3) Engineering Development (6.4) — Includes full scale development of prototype systems for test and evaluation. An approved ORD is required. The product is prototype hardware, test and evaluation data, and TDP for use in a procurement contract. (The MDEP category for Army watercraft 6.4 funding is RJL4/654804/D461, Logistics and Engineering equipment engineering development.)

4) Management and Support (6.5) — Funding is used to perform market investigations and satisfy test requirements for NDI. Product is purchase description (PD) and solicitation package for NDI procurement, plus all precontract award requirements. (The MDEP for watercraft funding is for RJL4/665801/D125/DE65 NDI.)
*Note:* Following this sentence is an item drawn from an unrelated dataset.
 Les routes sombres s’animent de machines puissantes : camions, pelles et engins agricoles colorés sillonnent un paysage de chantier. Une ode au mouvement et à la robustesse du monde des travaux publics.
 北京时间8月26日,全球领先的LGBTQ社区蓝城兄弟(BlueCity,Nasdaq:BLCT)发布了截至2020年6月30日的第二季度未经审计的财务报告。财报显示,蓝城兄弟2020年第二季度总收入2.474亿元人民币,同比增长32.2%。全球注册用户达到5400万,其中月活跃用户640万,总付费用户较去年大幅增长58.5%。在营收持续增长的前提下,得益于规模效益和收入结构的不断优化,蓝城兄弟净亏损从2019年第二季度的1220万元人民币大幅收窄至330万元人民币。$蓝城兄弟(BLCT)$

B. Joint Logistics-Over-the-Shore Joint Integrated Process Team (JIPT). A JIPT has been formed to enhance and streamline the coordination between Services and within the JLOTS community, concerning research, development, and acquisition of LOTS/JLOTS interoperable systems. The JIPT is sponsored by the Deputy Chief of Naval Operations and the Army Deputy Chief of Staff for Logistics. The JIPT is examining the entire JLOTS process in an attempt to identify technologies and systems that will improve safety, increase productivity, and reduce operational bottlenecks. The investigation will include funding requirements for the development of the most promising technologies. Army watercraft personnel are involved at all levels of the JIPT to ensure that Army requirements and priorities are considered during the decision process. Specific high-priority operational areas and sample materiel solutions being considered by the JIPT are listed in Table 6-4. The top R&D priority of the JIPT and the Army is the development of a causeway system capable of operation in sea states through three. The estimated R&D funding required by the Army to support the activities of the JIPT and other Army specific R&D projects is shown in Table 6-5 (p. 6-9).
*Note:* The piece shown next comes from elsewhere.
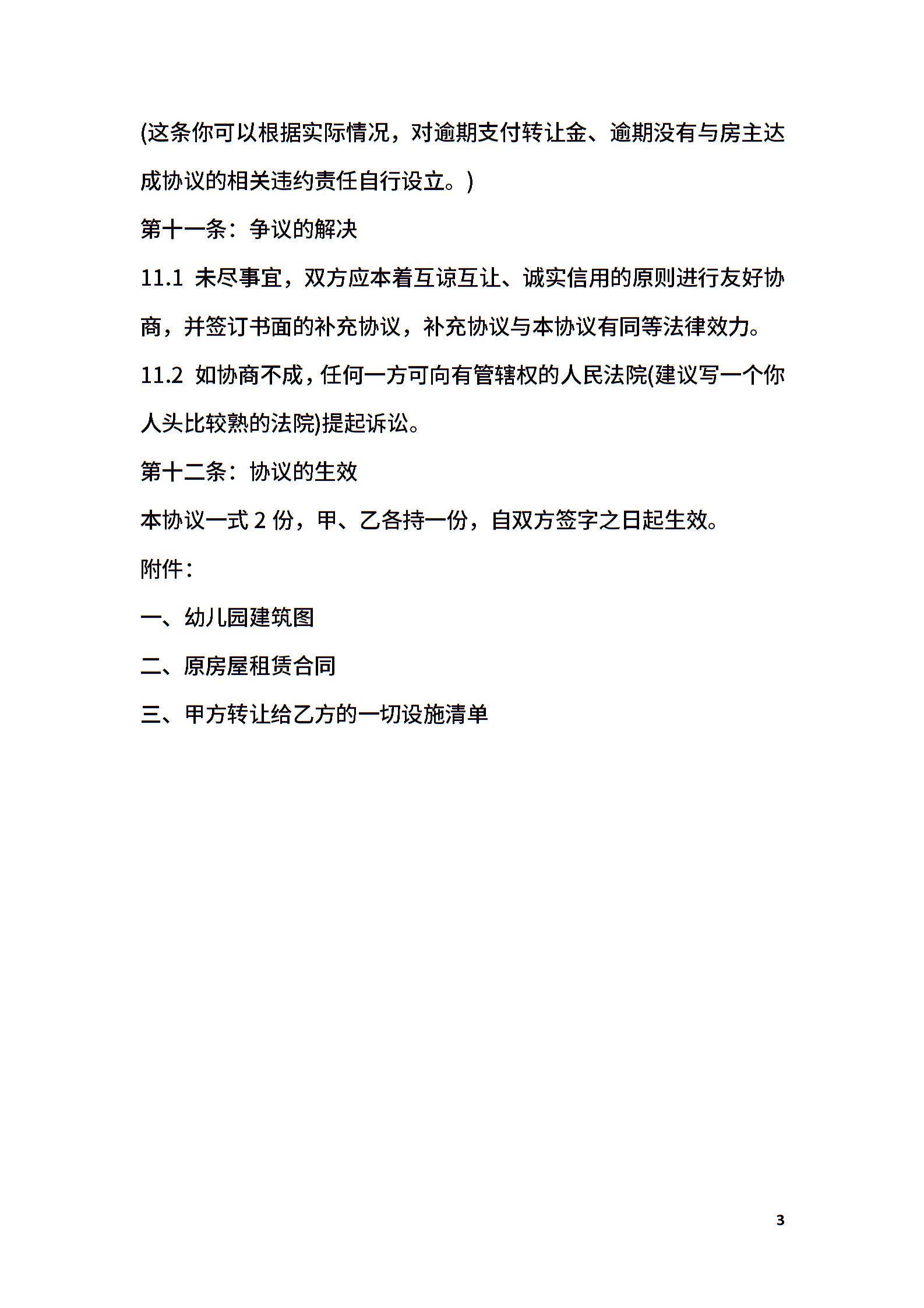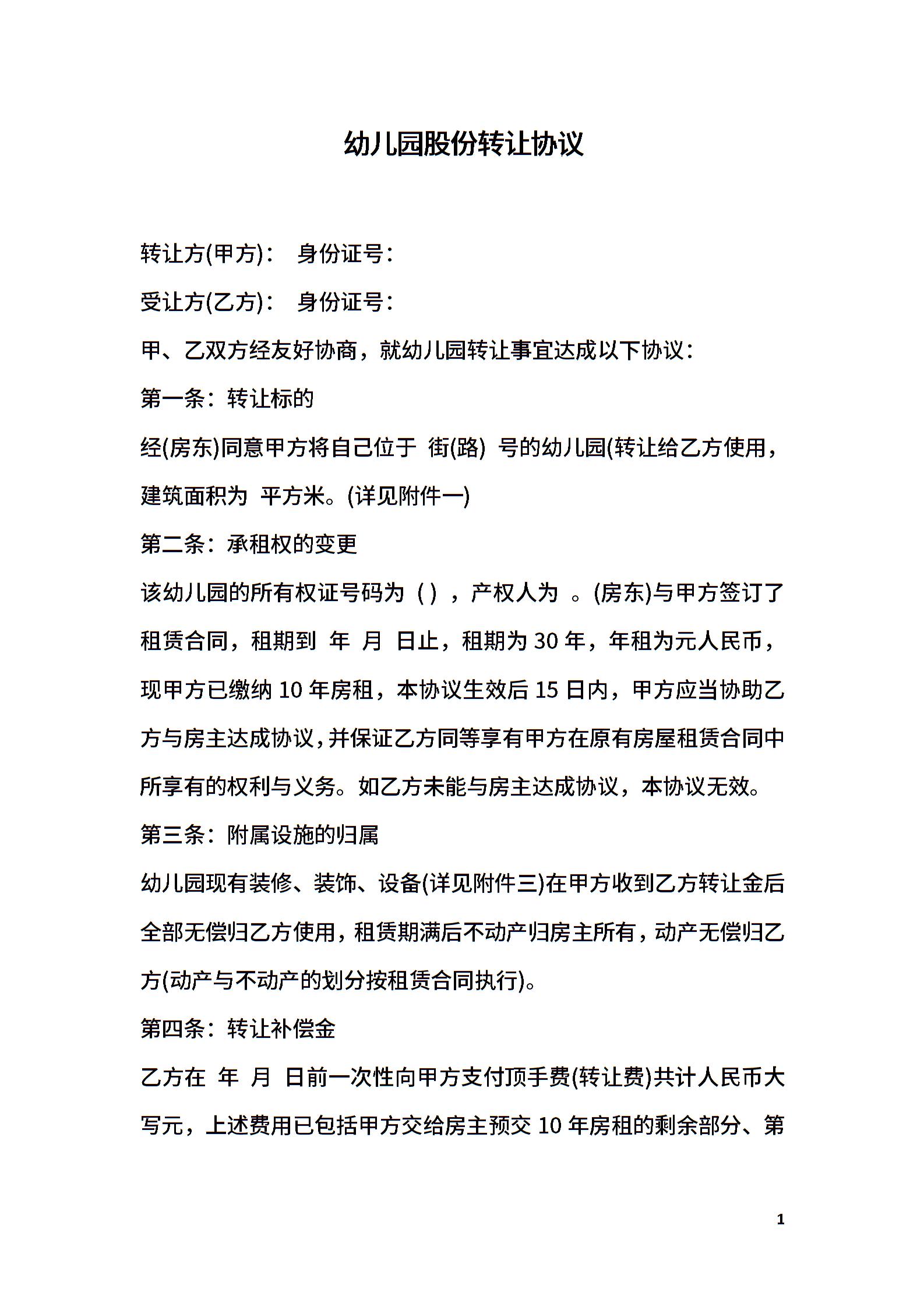 幼儿园股份转让协议

Table 6-4. Potential SS3 Operation/Mitigation Research Programs

Operational area

Sample materiel solutions

Ship to Shore Operations in SS3

- Joint Modular Lighter System

Cargo Movement

- Automatic Cargo Transfer System
- Tagline Technology
- Container Handling in heavy Weather

Sea State Mitigation

- Rapidly Emplaced Breakwater (RIB)


- Improved Mooring Systems
- Improved Fendering Systems

Ramp Lighter Interface

- Ramp/Platform Followers
- RRDF Interface

Command and Control

- Simulators
- Site-selection Systems
- Communications/Tracking Systems

Table 6-5. Research, Development, Test and Evaluation (RDT&E)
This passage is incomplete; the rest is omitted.